I quite enjoyed the two bar mitvahs I went to when I was young.
posted by owillis at 2:41 PM on September 18, 2002


Focusing solely on conservative Jewish money in these races may be missing a bigger point. This June 27 Nation article about how AIPAC money helped get rid of Hilliard in Alabama notes the complexities. Turns out that politicians who annoy conservative Jewish groups also tend to have positions on things like free trade and the environment that annoy conservative big business interests. Those interests jumped on board quickly once conservative Jewish money entered the Hilliard race.
posted by mediareport at 3:04 PM on September 18, 2002


" ... explaining the newfound kinship between blacks and Arab Muslims: "I see more and more blacks identifying with Arabs and Muslims than with Jews. They see Arabs being profiled like we are." I'm not sure if the Democratic party is as segmented as some believe, but the quote did give me pause."

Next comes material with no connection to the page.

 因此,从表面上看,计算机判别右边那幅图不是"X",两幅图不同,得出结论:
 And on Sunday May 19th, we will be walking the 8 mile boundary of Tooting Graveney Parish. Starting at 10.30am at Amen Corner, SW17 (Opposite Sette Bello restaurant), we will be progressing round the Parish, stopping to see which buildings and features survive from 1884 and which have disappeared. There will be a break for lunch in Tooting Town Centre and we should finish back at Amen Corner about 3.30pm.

Goodness - this is by no means "newfound". There has long been an uneasy peace between some African and Jewish Americans. Even during the civil rights days of the 1960's, there was a strong link between Islam and some black power groups (Remeber Malcolm X, the Nation of Islam & etc.?). Even in the recent past, most certainly Louis Farrakhan's brand of Islamic militancy - complete with anti-Semitic rhetoric - does not exactly cause Jewish folks to feel as though they have a common cause. While both African and Jewish Americans have both traditionally voted democratic, it is often for quite different reasons.
posted by MidasMulligan at 3:44 PM on September 18, 2002


Goodness - this is by no means "newfound". There has long been an uneasy peace between some African and Jewish Americans.

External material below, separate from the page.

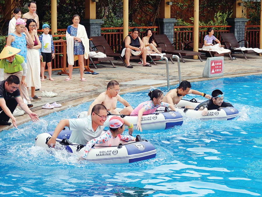 “假期首日,地派溫泉度假村的客房入住率就已達到86%,整體來說安全有序!饼堥T縣地派溫泉森林度假區(qū)景區(qū)負責人、廣東省溫泉行業(yè)協(xié)會副會長、龍門縣旅游協(xié)會會長李星凱介紹,“五一”期間,地派溫泉森林度假區(qū)的客房特別受歡迎,預訂量增長明顯,客房入住率基本超過90%。為了給各地游客帶來舒適、美好的旅行體驗,該景區(qū)在“五一”期間開放了心形泳池、微波泳池以及兒童水上樂園等多個水上項目,同時景區(qū)內(nèi)還設置了多個互動小游戲區(qū)域,讓家長與孩子有更親密的互動接觸,進一步提升旅游體驗感、獲得感。

But does empathy and understanding of the Arab-American position necessarily mean a rift must exist between Blacks and Jews? I say no, though there are and always will be extremist examples, as you've pointed out. What do you think, MidasMulligan?
posted by jennak at 6:22 PM on September 18, 2002


Most american jews are not hardline Likud supporters, and most african-americans have no connection to the middle east and are not muslim, let alone extreme muslims. It is natural for blacks to feel some empathy towards the palestinians, but there has also been a strong effort among jews to reach out to blacks, and on the leadership level blacks and jews get along well.

what you're basically seeing is racism. some right-wing jews support getting rid of some not-pro-israel black candidates, and some blacks are saying that 'all jews' are trying to hurt them. it is racist to judge groups on the actions of their most extreme.